-- Source data --

"""

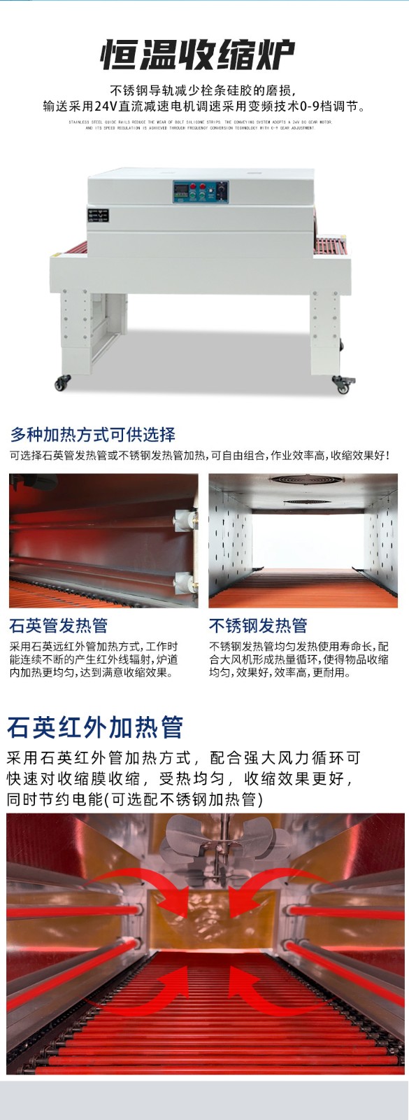 - 溫度控制精確:通常采用數(shù)顯溫控儀和進口熱敏感應(yīng)控制,溫度可在 0-300℃范圍內(nèi)調(diào)節(jié),溫度控制精度可達 ±2℃,確保熱收縮效果穩(wěn)定。
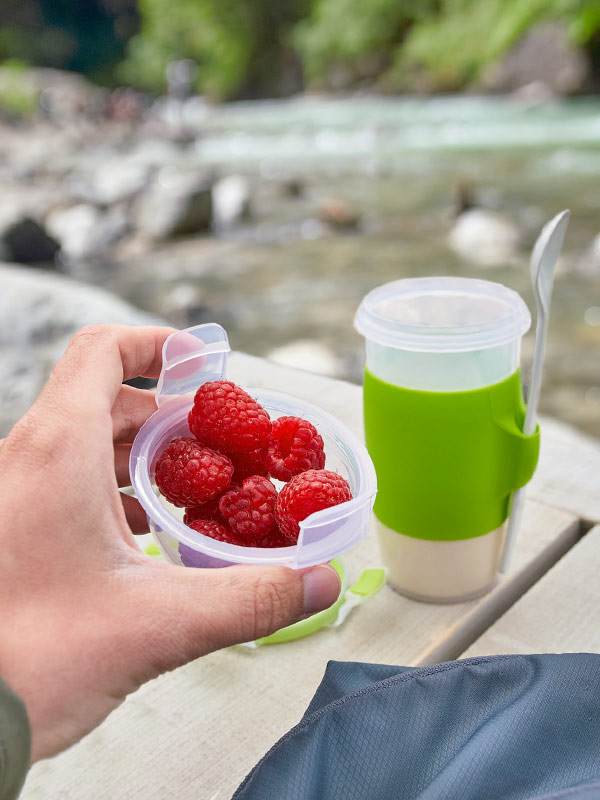 - In den Deckel des to go Bechers könnt ihr dann ideal frische Früchte oder auch Toppings mitnehmen, die ihr euch unterwegs dann frisch und knackig auf eure Overnight Oats gebt.
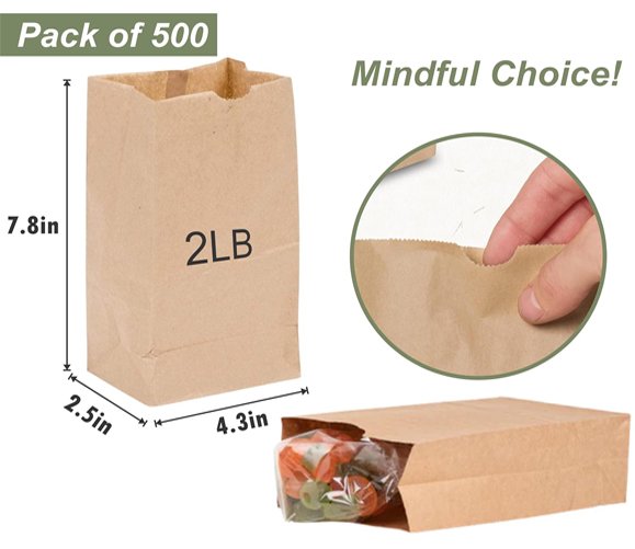 Brown Paper Bags 2 LB Capacity – 500/Case
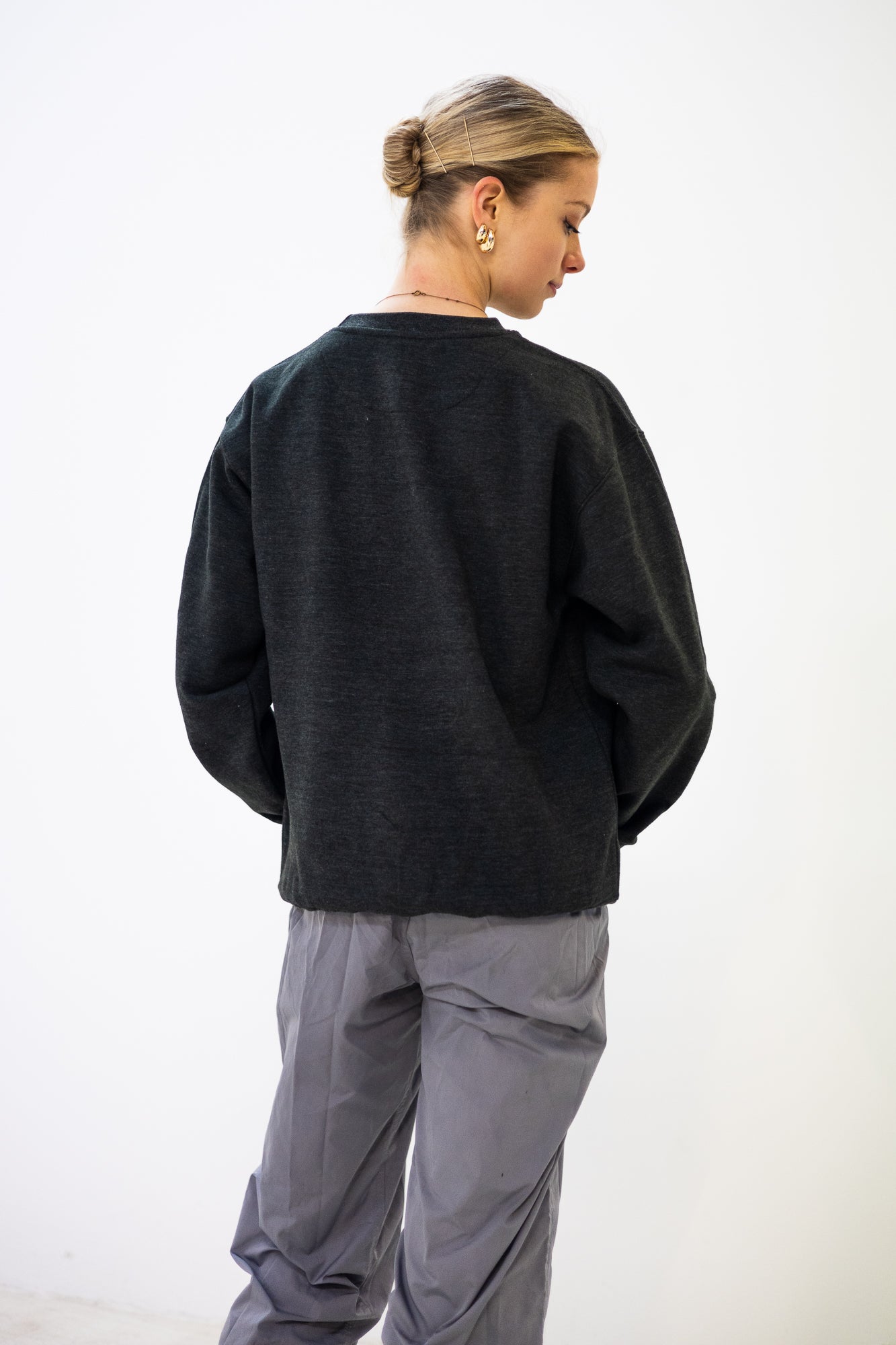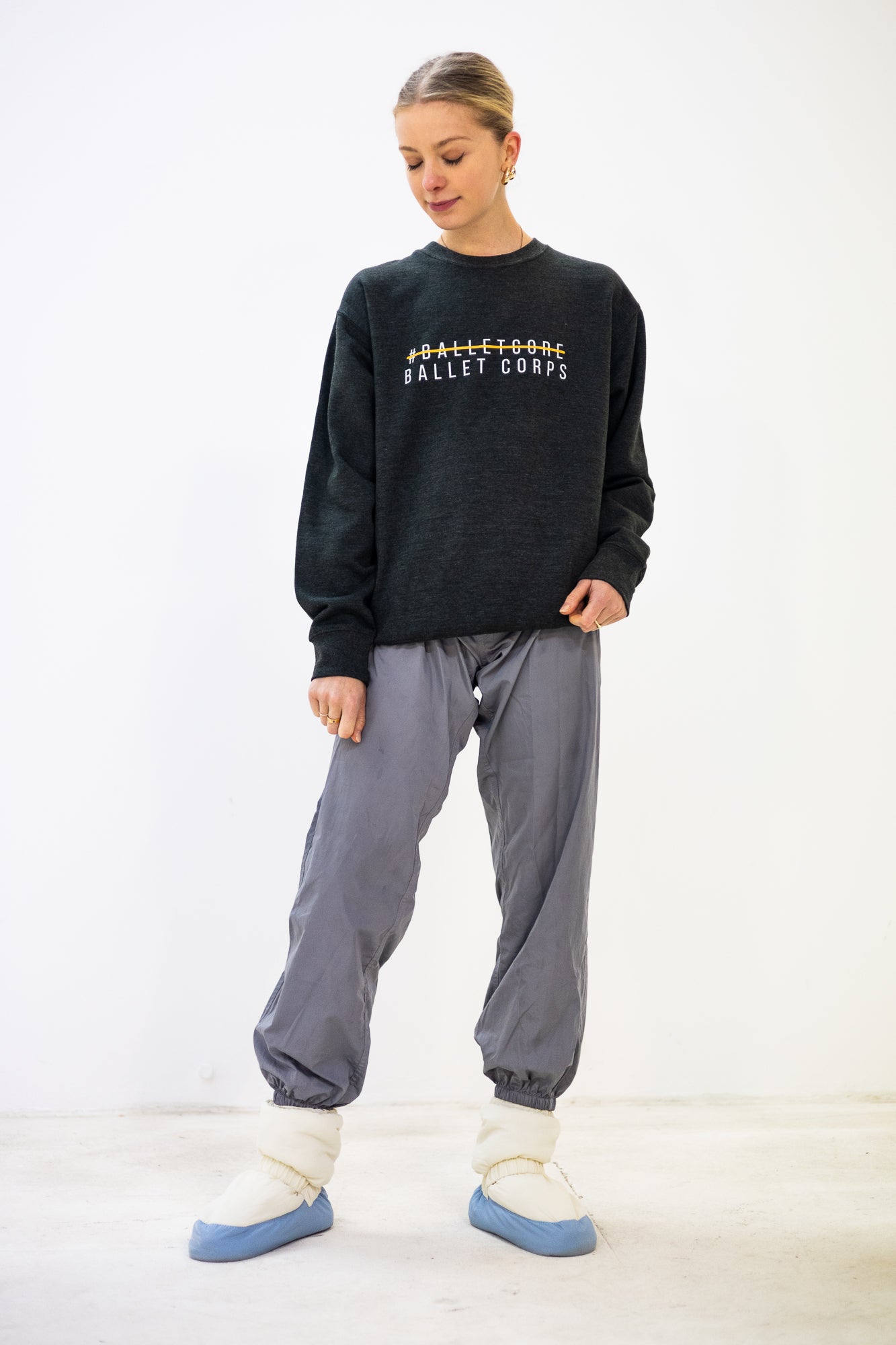 Old-school sweatshirt silhouette with ribbed crew neck, long sleeve cuffs, and a flat hem. Pair it with the sweatpants for a tracksuit vibe.
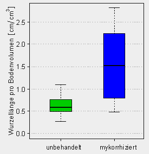 Abb. 3 - Bewurzelung von unbehandelten und mykorrhizierten Weisserlenpflänzchen (Alnus incana). Nach einer sechsmonatigen Wachstumsphase besitzen mykorrhizierte Pflanzen ein ca. dreimal längeres Wurzelwerk.
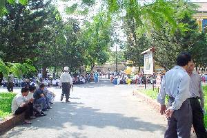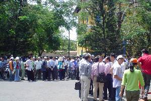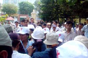 âm thầm lặng lẽ và rất trật tự đến ngay trước hàng rào chắn trước lối vào ṭa
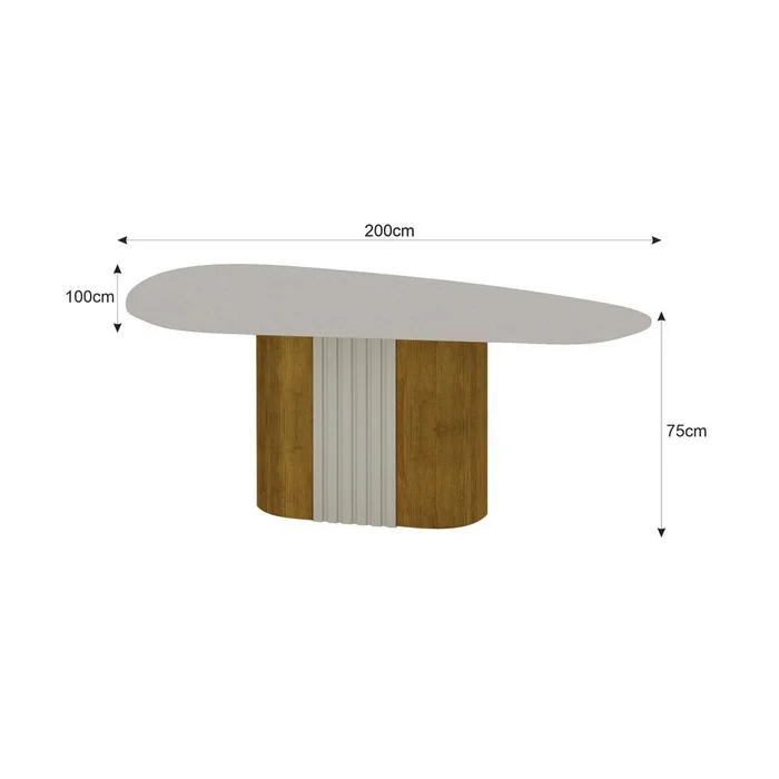 Mesa Dacota 2,00 m com vidro e tampo em acabamento orgânico
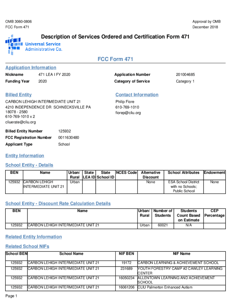 December 2018Description of Services Ordered and Certification Form 471FCC Form 471
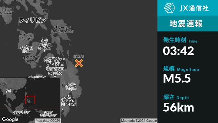 12月28日 03:42頃、フィリピンのUnionから南東34kmの地点でM5.5の地震がありました。

"""

-- Assigned task --
Would you please give the material above again, unchanged but without pictures?

-- Exercise answer --
 - 溫度控制精確:通常采用數(shù)顯溫控儀和進口熱敏感應(yīng)控制,溫度可在 0-300℃范圍內(nèi)調(diào)節(jié),溫度控制精度可達 ±2℃,確保熱收縮效果穩(wěn)定。
 - In den Deckel des to go Bechers könnt ihr dann ideal frische Früchte oder auch Toppings mitnehmen, die ihr euch unterwegs dann frisch und knackig auf eure Overnight Oats gebt.
 Brown Paper Bags 2 LB Capacity – 500/Case
 Old-school sweatshirt silhouette with ribbed crew neck, long sleeve cuffs, and a flat hem. Pair it with the sweatpants for a tracksuit vibe.
 Abb. 3 - Bewurzelung von unbehandelten und mykorrhizierten Weisserlenpflänzchen (Alnus incana). Nach einer sechsmonatigen Wachstumsphase besitzen mykorrhizierte Pflanzen ein ca. dreimal längeres Wurzelwerk.
 âm thầm lặng lẽ và rất trật tự đến ngay trước hàng rào chắn trước lối vào ṭa
 Mesa Dacota 2,00 m com vidro e tampo em acabamento orgânico
 December 2018Description of Services Ordered and Certification Form 471FCC Form 471
 12月28日 03:42頃、フィリピンのUnionから南東34kmの地点でM5.5の地震がありました。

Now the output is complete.